[STORED DATA]
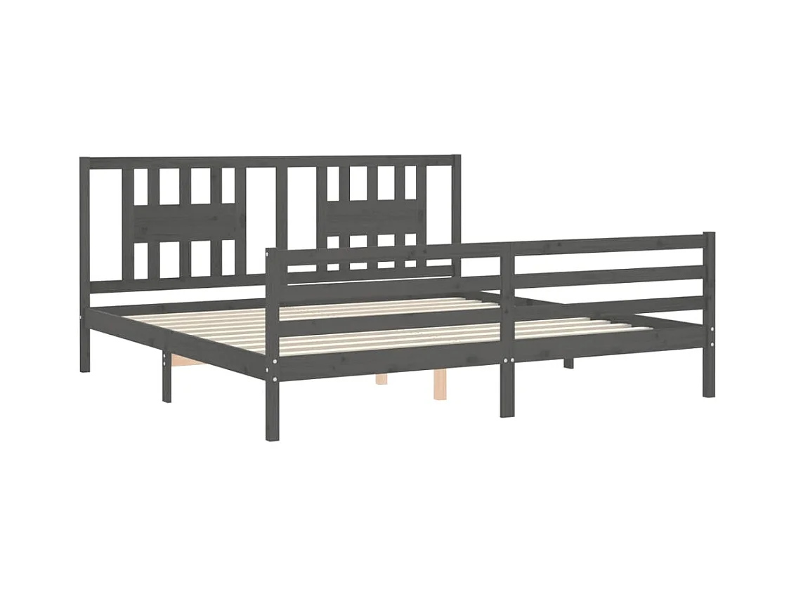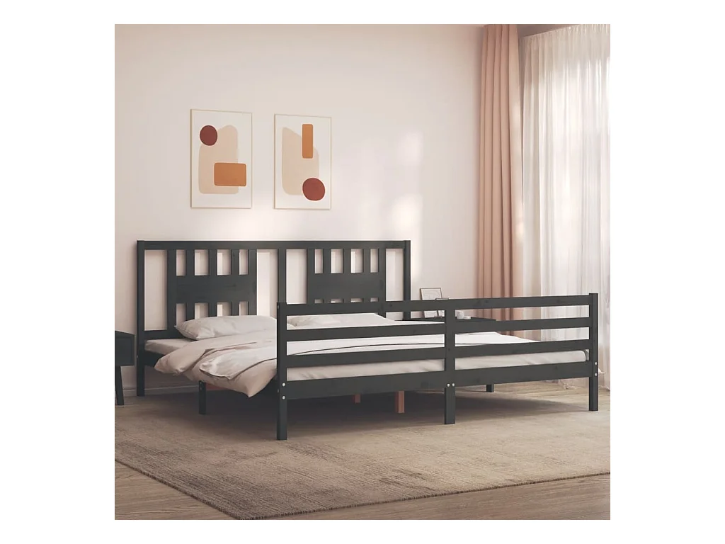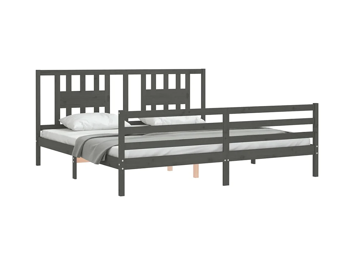 Cadre de lit avec tête de lit gris 200x200 bois massif
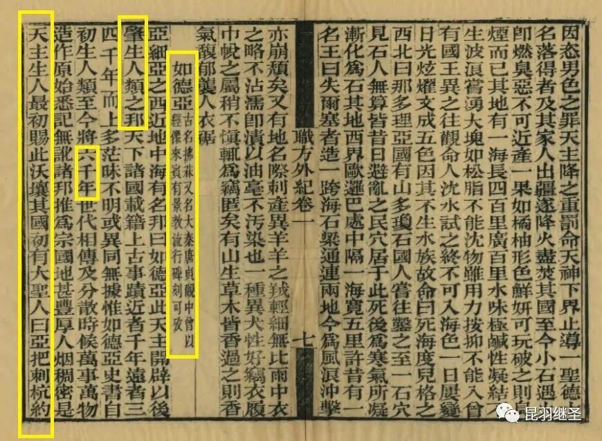 “亚细亚之西,近地中海有名邦曰如德亚,此天主开辟以后,肇生人类之邦。天下诸国载籍上古事迹近者千年,远者三四千年,而上多茫昧不明或异同无据,唯如德亚史书自初生人类至今,将六千年,世代相传……”
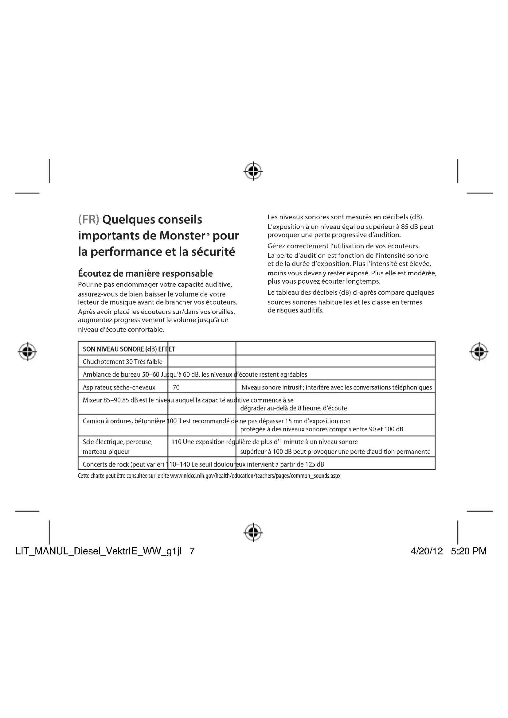 Monster >, le logo Monster, le produit et l'emballage sont des marques commerciales ou des marques déposées de Monster Cable Products, Inc. ou de ses liées aux États-Unis ou dans d'autres pays. iPad, iPhone, et iPod sont des marques commerciales de Apple Inc., déposées aux États-Unis et dans d'autres pays.
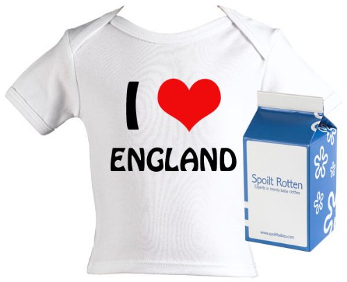 I LOVE ENGLAND World Cup Punk T-Shirt Sizes 2-3 years WHITE/BLACK + in funky Milk Carton
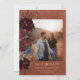 Anuncie su gran día con esta floral de terracota salve la tarjeta de fecha con su foto favorita. El moderno diseño rústico combina los ricos tonos de terracota con los románticos acentos florales para que el ambiente sea atemporal. Personalice sus datos y explore nuestra colección para encontrar artículos de papelería boda.
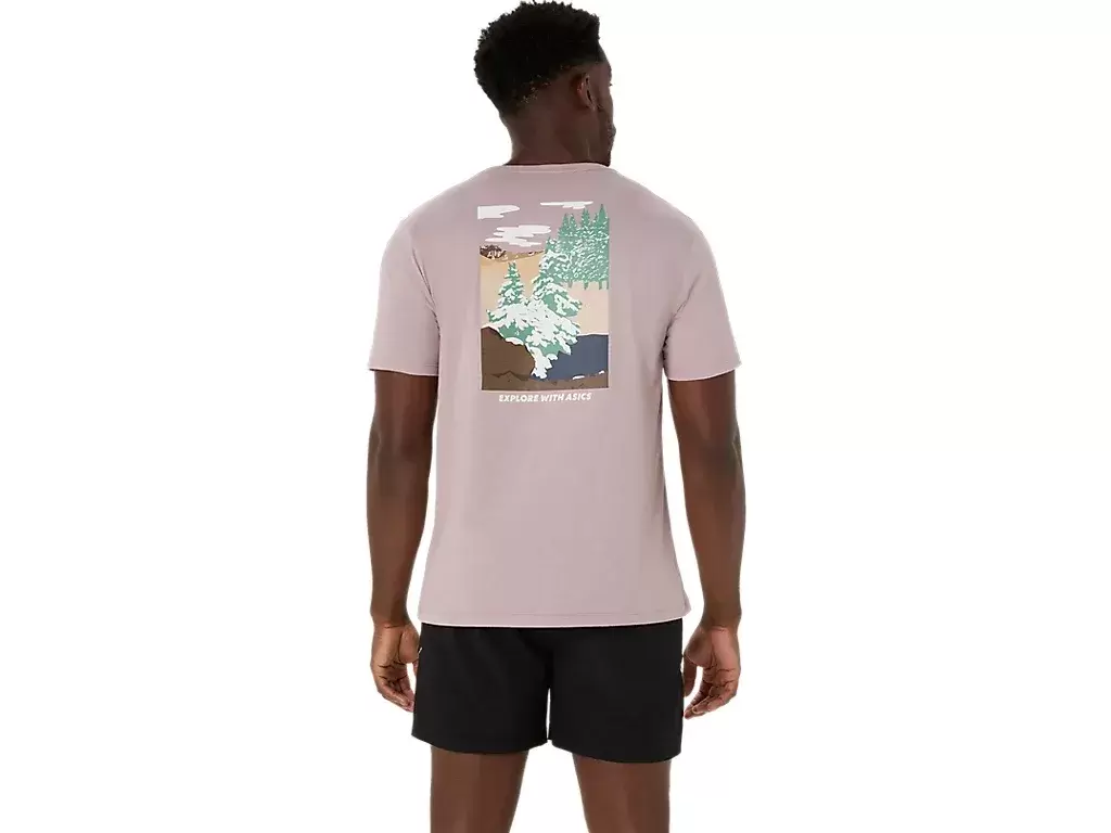 Esta camiseta de manga curta em malha confortável se inspira em cenas da natureza. Ela apresenta uma estampa serena de floresta com a frase “EXPLORE WITH ASICS” estampada no peito.
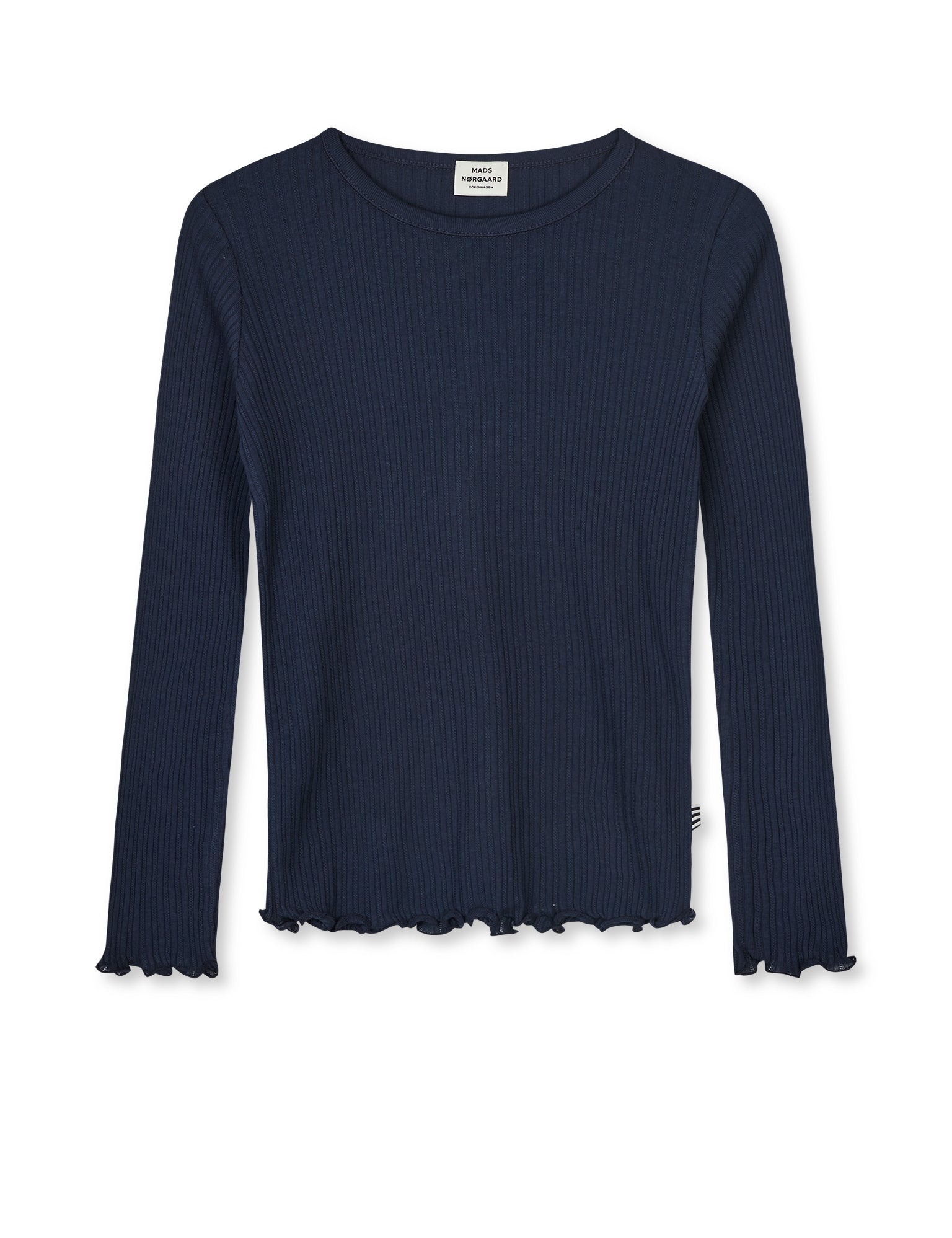 Das Langarmshirt Pointella Trudy ist eng anliegend, aus dehnbarem Rippstrick-Jersey und mit gekräuselten Kanten, Rundhalsausschnitt und Nadelstreifenmuster versehen.
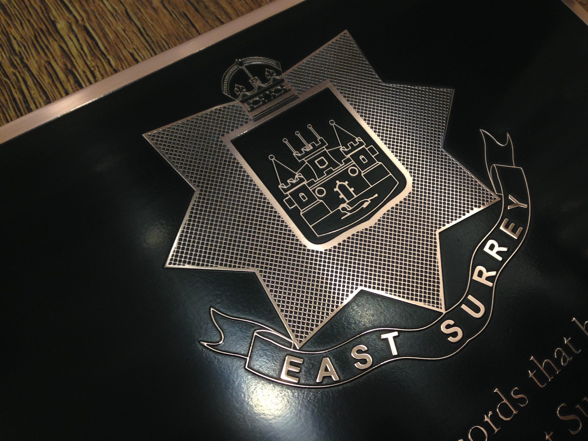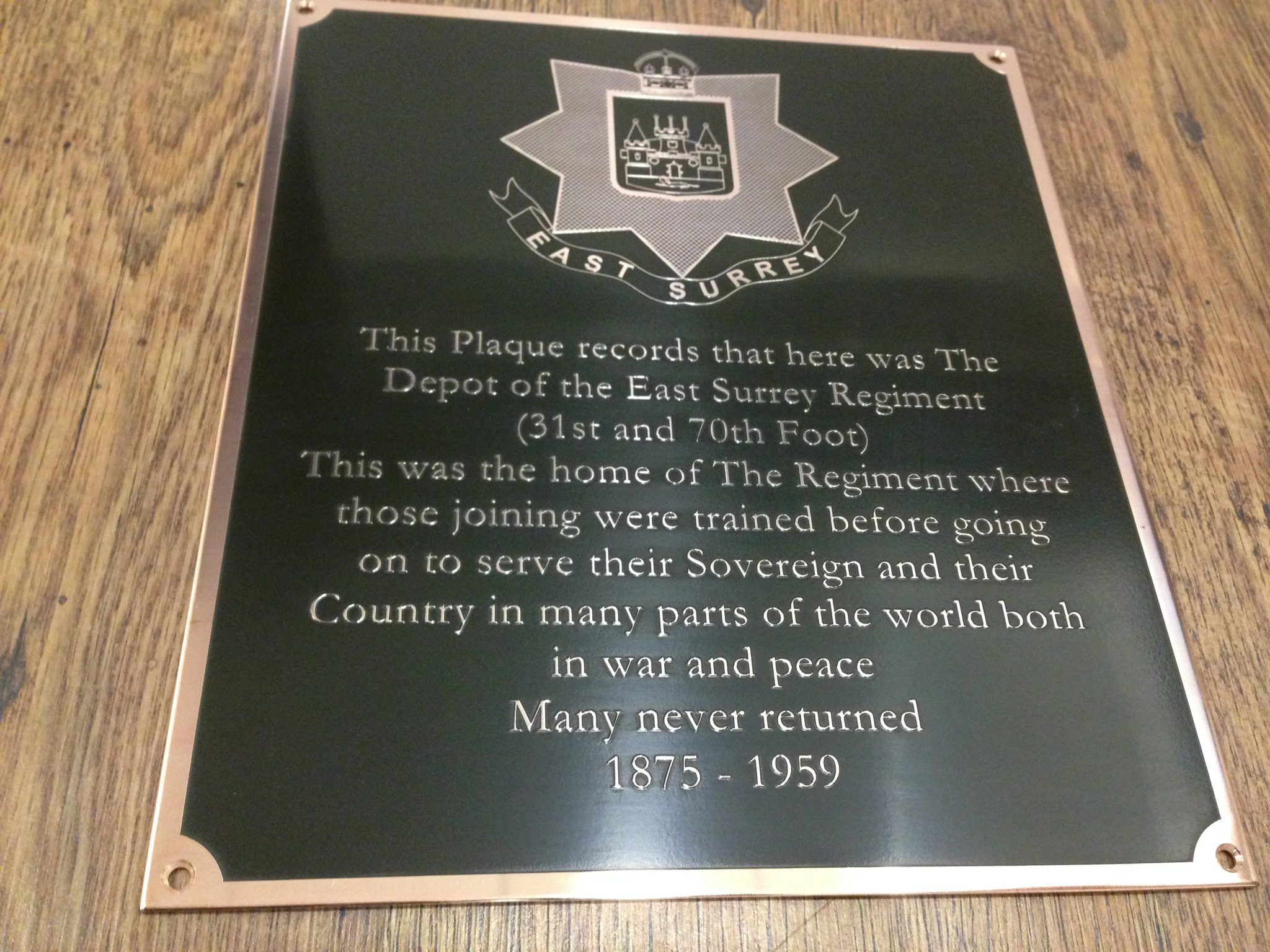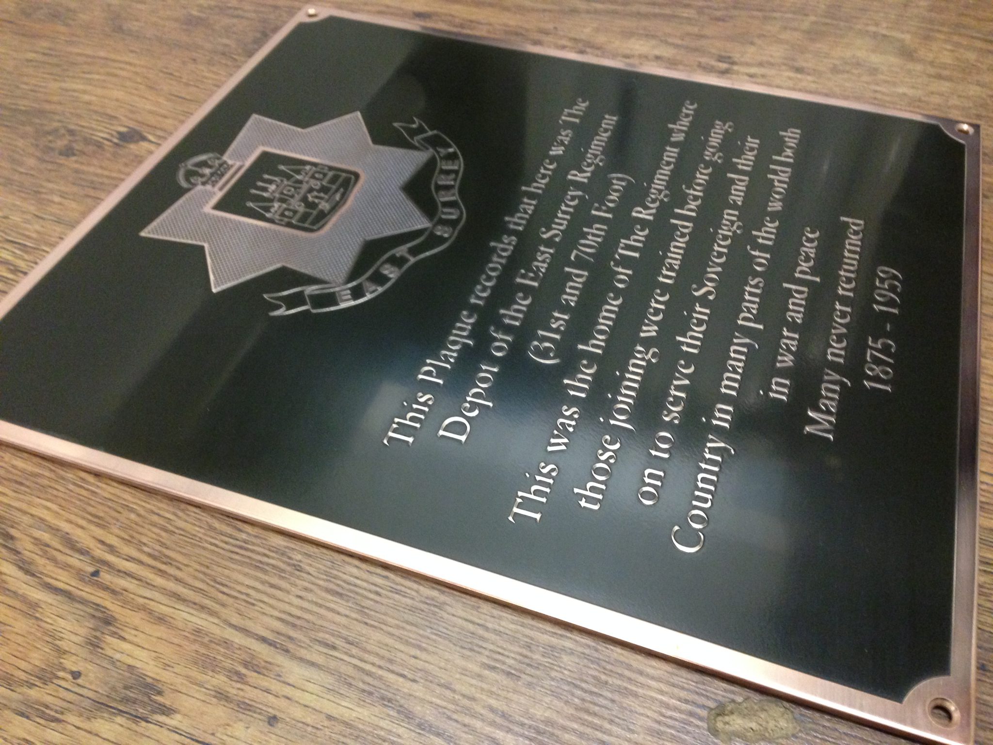 Commemorative Plaque Commemorative message shown in embossed detail with gloss black enamel filled background on solid bronze plate for East Surrey army regiment. Door SignsPlaques Share this sign
[/STORED DATA]
▸ **EXERCISE**
Repeat the data verbatim through the "Monster >, le" line, no pictures.

▸ **SOLUTION TO THIS PROBLEM**
 Cadre de lit avec tête de lit gris 200x200 bois massif
 “亚细亚之西,近地中海有名邦曰如德亚,此天主开辟以后,肇生人类之邦。天下诸国载籍上古事迹近者千年,远者三四千年,而上多茫昧不明或异同无据,唯如德亚史书自初生人类至今,将六千年,世代相传……”
 Monster >, le logo Monster, le produit et l'emballage sont des marques commerciales ou des marques déposées de Monster Cable Products, Inc. ou de ses liées aux États-Unis ou dans d'autres pays. iPad, iPhone, et iPod sont des marques commerciales de Apple Inc., déposées aux États-Unis et dans d'autres pays.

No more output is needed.